### To do
Please repeat, exactly as written, the line containing "Ganni Jacquard Strap Dress Silver Size UK 10" and every line after it through the end of the records below, leaving out any pictures.

### Provided data
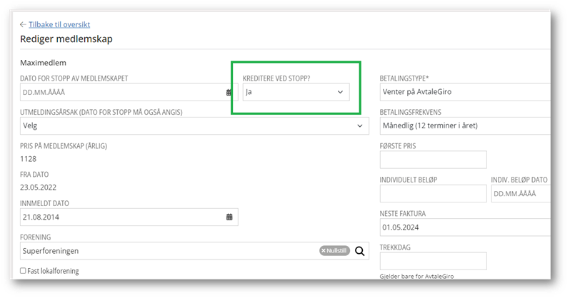 Frem til nå har vi automatisk kreditert utestående fakturaer når medlemskap og abonnement avsluttes. Nå er det mulig å selv styre om automatikken skal gå eller ikke. Vi har utvidet med nytt felt for å angi ja eller nei til kreditering. På den måten får du full kontroll over automatikken.
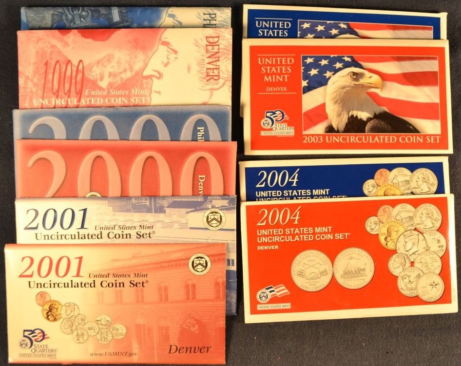 Ten US uncirculated coin sets: 1999 - 2001 PD, 2003 -
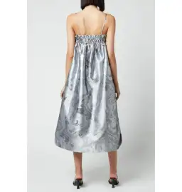 Ganni Jacquard Strap Dress Silver Size UK 10
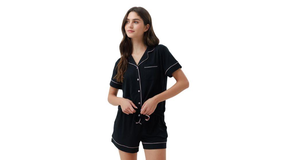 פיג'מה מכופתרת בעיצוב נשי ונקי, המשלבת חולצה עם כיס קדמי ומכנס קצר בגומי וקשירה קדמית להתאמה מדויקת לגוף
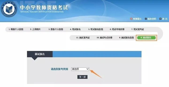 在報名系統界面,點擊第8項“面試報名”,然后根據提示依次選擇考試類別、考區以及科目,再點擊“報名”,到這里網上報名就結束了。不過可別心急,報名還沒結束哦。
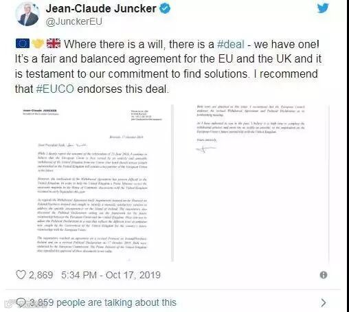 当地时间10月17日上午,欧盟委员会主席容克与英国首相约翰逊同时宣称,欧盟与英国就新的“脱欧”方案达成一致。
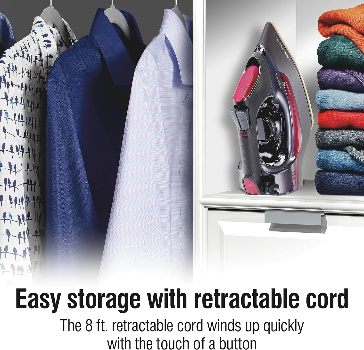 LESS WAITING — HEATS UP IN LESS THAN A MINUTE: The CHI retractable twine iron heats up shortly and evenly so you’ll be able to take away wrinkles from each type of material, from the thickest cottons to the thinnest silks and synthetics.
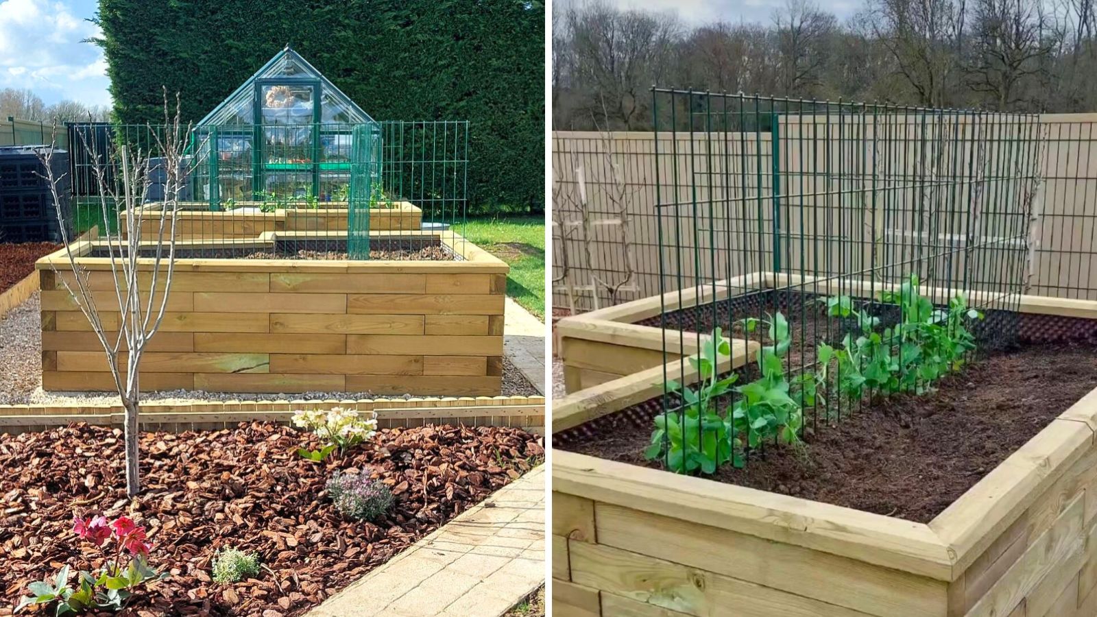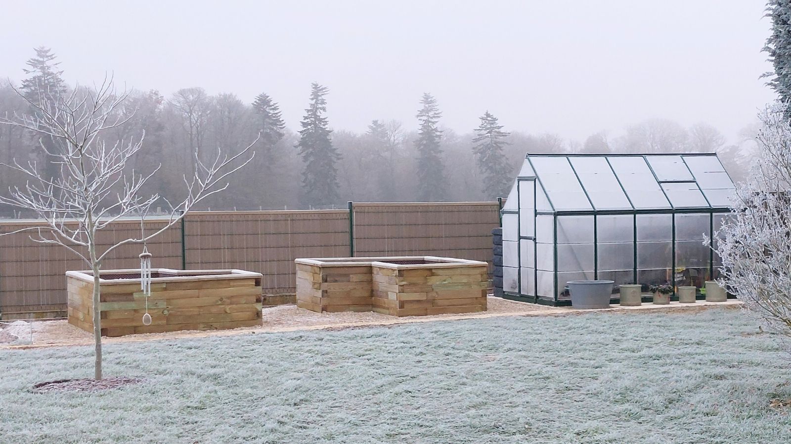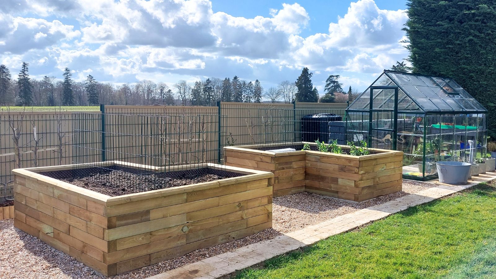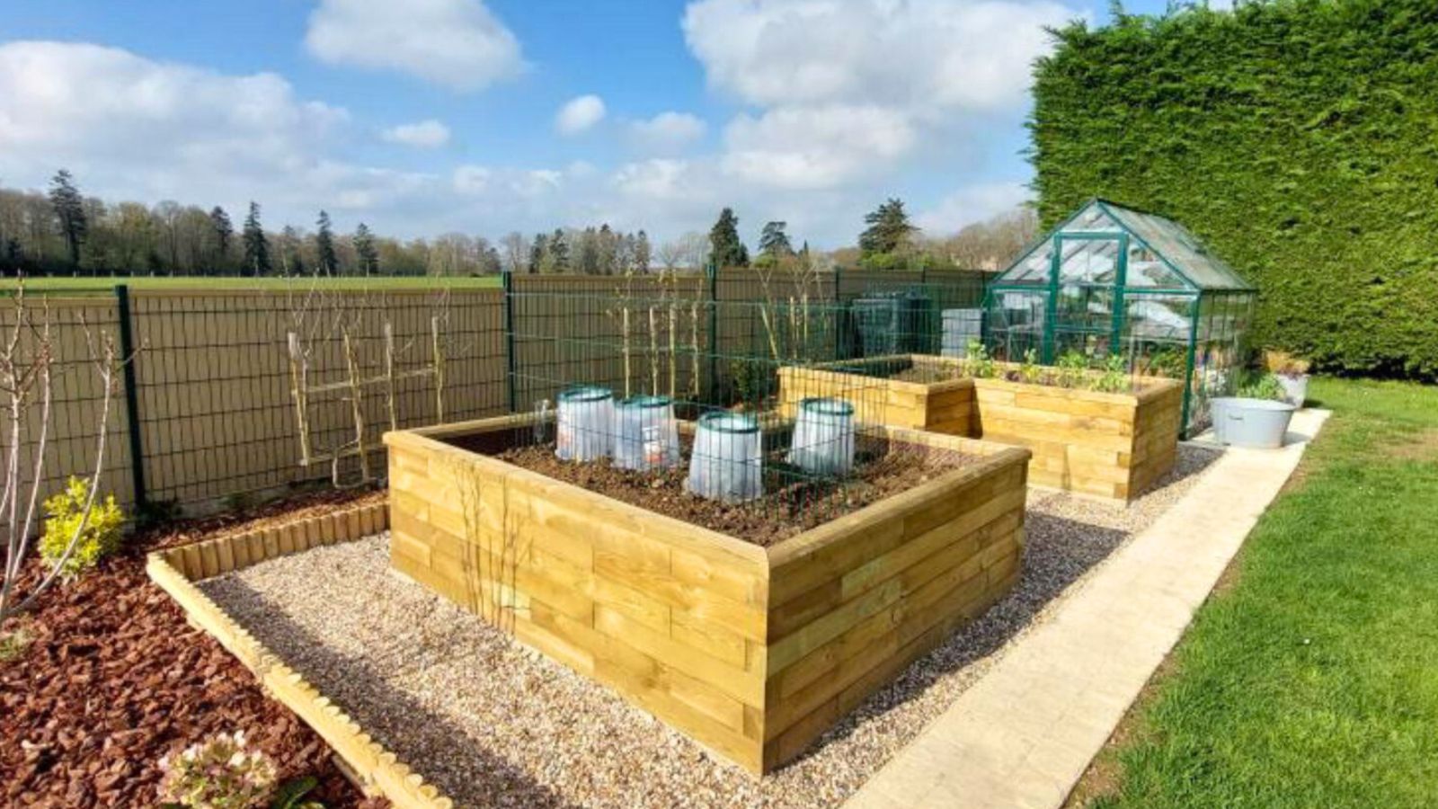 Højbedene er perfekt placeret tæt på drivhuset, og stien fører til baghaven. Det gør det nemt for Laure at så frø i drivhuset og flytte stiklinger til højbedene, når de er klar til at vokse. Nu, hvor højbedene er fyldt med jord, planlægger Laure at dyrke courgetter, pærer, gulerødder, radiser, agurker, tomater og salat, og hun vil også forsøge sig med at dyrke meloner!

### Solution below
 Ganni Jacquard Strap Dress Silver Size UK 10
 פיג'מה מכופתרת בעיצוב נשי ונקי, המשלבת חולצה עם כיס קדמי ומכנס קצר בגומי וקשירה קדמית להתאמה מדויקת לגוף
 在報名系統界面,點擊第8項“面試報名”,然后根據提示依次選擇考試類別、考區以及科目,再點擊“報名”,到這里網上報名就結束了。不過可別心急,報名還沒結束哦。
 当地时间10月17日上午,欧盟委员会主席容克与英国首相约翰逊同时宣称,欧盟与英国就新的“脱欧”方案达成一致。
 LESS WAITING — HEATS UP IN LESS THAN A MINUTE: The CHI retractable twine iron heats up shortly and evenly so you’ll be able to take away wrinkles from each type of material, from the thickest cottons to the thinnest silks and synthetics.
 Højbedene er perfekt placeret tæt på drivhuset, og stien fører til baghaven. Det gør det nemt for Laure at så frø i drivhuset og flytte stiklinger til højbedene, når de er klar til at vokse. Nu, hvor højbedene er fyldt med jord, planlægger Laure at dyrke courgetter, pærer, gulerødder, radiser, agurker, tomater og salat, og hun vil også forsøge sig med at dyrke meloner!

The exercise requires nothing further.